TASK PROMPT:
For the lines from the one with "GDP NOW della" to the end of the listing below, both ends included, give an exact copy and nothing more. Do not copy pictures.

SUPPLIED INFORMATION:
►

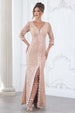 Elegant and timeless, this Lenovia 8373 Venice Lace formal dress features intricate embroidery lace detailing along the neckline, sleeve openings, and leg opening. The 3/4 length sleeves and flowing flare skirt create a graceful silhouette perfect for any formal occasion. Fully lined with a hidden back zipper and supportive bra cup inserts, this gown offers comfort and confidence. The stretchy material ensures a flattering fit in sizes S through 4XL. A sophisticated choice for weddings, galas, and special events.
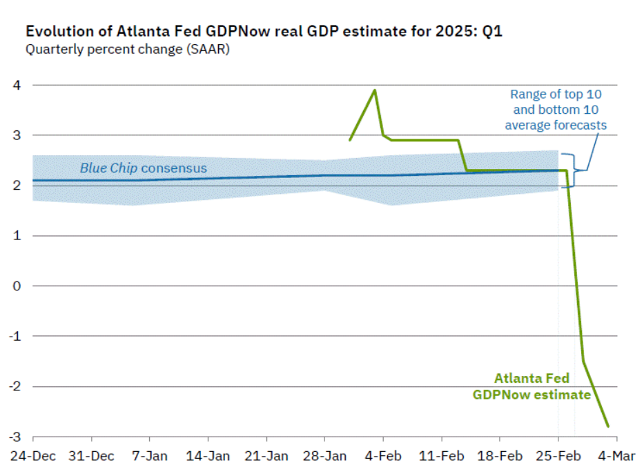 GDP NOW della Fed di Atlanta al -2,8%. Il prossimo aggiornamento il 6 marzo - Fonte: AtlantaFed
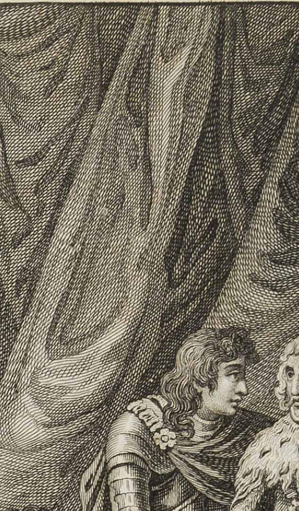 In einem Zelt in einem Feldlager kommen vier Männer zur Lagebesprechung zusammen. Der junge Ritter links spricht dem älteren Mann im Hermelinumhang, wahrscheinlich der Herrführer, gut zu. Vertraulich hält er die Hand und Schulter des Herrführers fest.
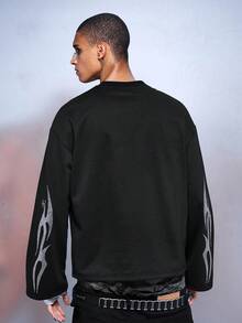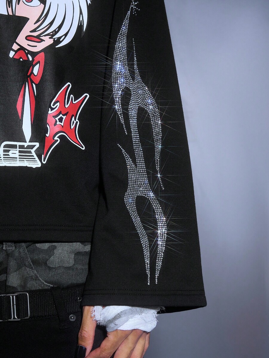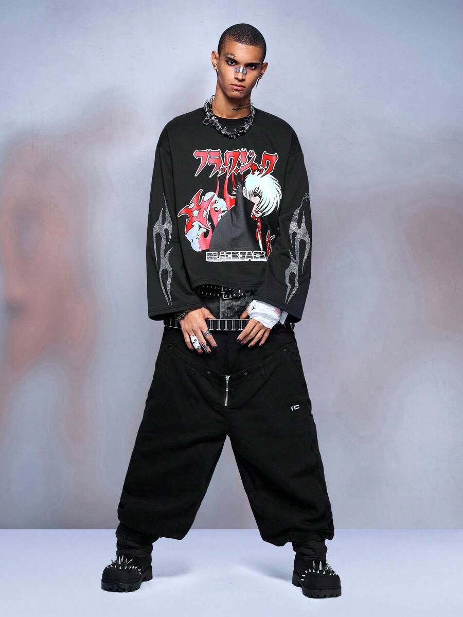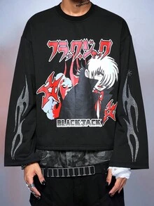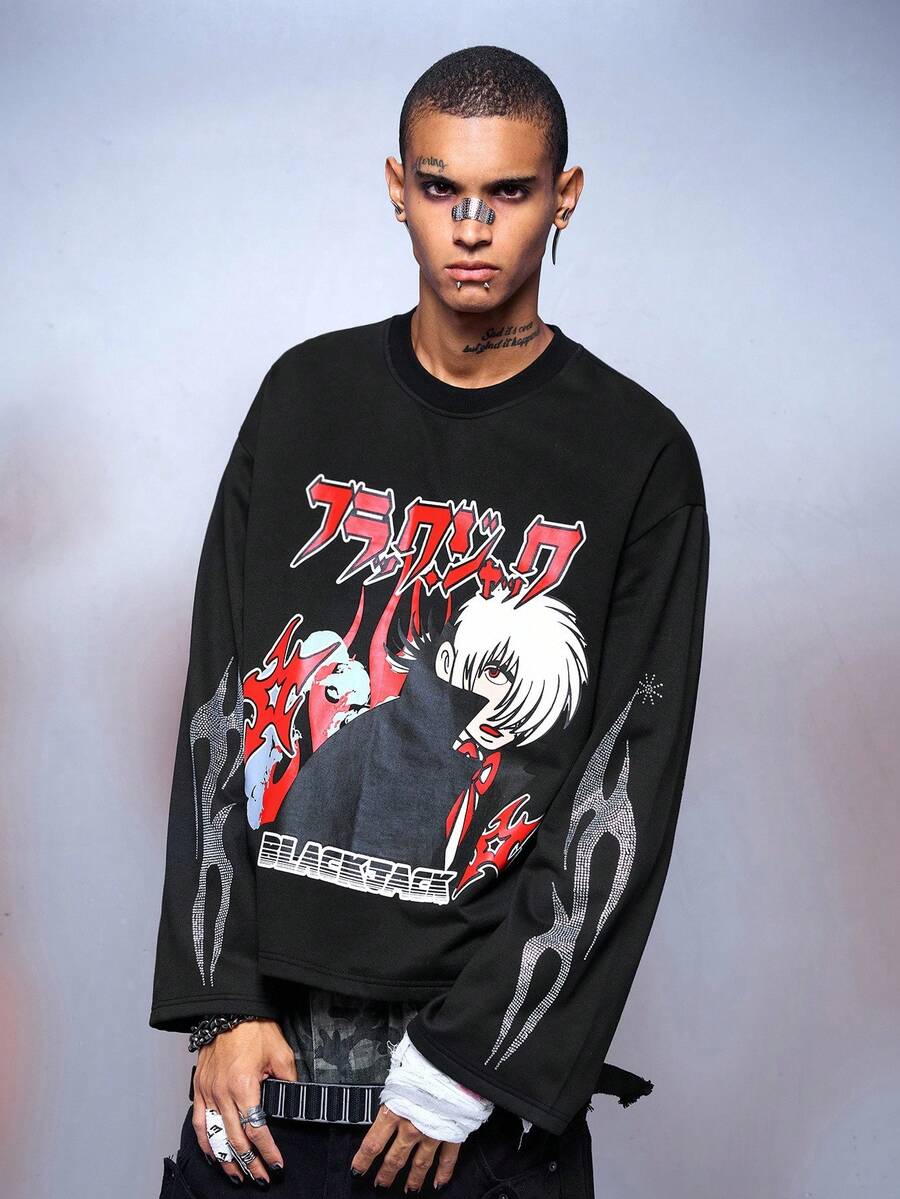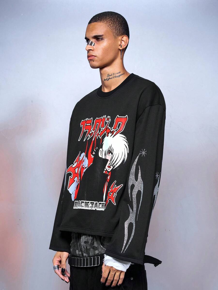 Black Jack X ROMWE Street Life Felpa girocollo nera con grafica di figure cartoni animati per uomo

◄

OUTPUT FOR THIS EXERCISE:
 GDP NOW della Fed di Atlanta al -2,8%. Il prossimo aggiornamento il 6 marzo - Fonte: AtlantaFed
 In einem Zelt in einem Feldlager kommen vier Männer zur Lagebesprechung zusammen. Der junge Ritter links spricht dem älteren Mann im Hermelinumhang, wahrscheinlich der Herrführer, gut zu. Vertraulich hält er die Hand und Schulter des Herrführers fest.
 Black Jack X ROMWE Street Life Felpa girocollo nera con grafica di figure cartoni animati per uomo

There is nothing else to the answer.